Although I don’t have the most background in Word2Vec or the South in the late 1800s, I think that my results are interesting (as I generalize the claim to the whole South and at least corroborate other results) especially as they were computed (that’s not seen too often in literary studies) with the relatively new method of Word2Vec.
Future Work
I think that this work can be extended in several ways- one can look at how other groups such as women or lower-class white men viewed the faith as well as how African Americans viewed other cultural ideas such as family, work, freedom, etc. For the former, one can limit the dataset, restricting it to the other groups of interest. Additionally, one can find supplemental databases to increase the accuracy of the queries. For the latter, one can query this model directly, restrict the data, or add other sources.

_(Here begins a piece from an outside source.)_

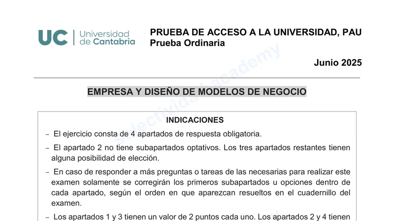 Reservar clase gratis →Examen de Economía de la Empresa selectividad Cantabria (Ordinaria 2025)

One final way this work can be extended would be to query based on African Americans in the North versus the South; I don’t think that the results would be obvious and that there may be interesting results found from comparing the two.
Works Cited
Dusinberre, William. “Religion.” Strategies for Survival: Recollections of Bondage in Antebellum Virginia, University of Virginia Press, 2009, pp. 121–140. JSTOR, www.jstor.org/stable/j.ctt6wrmk7.13.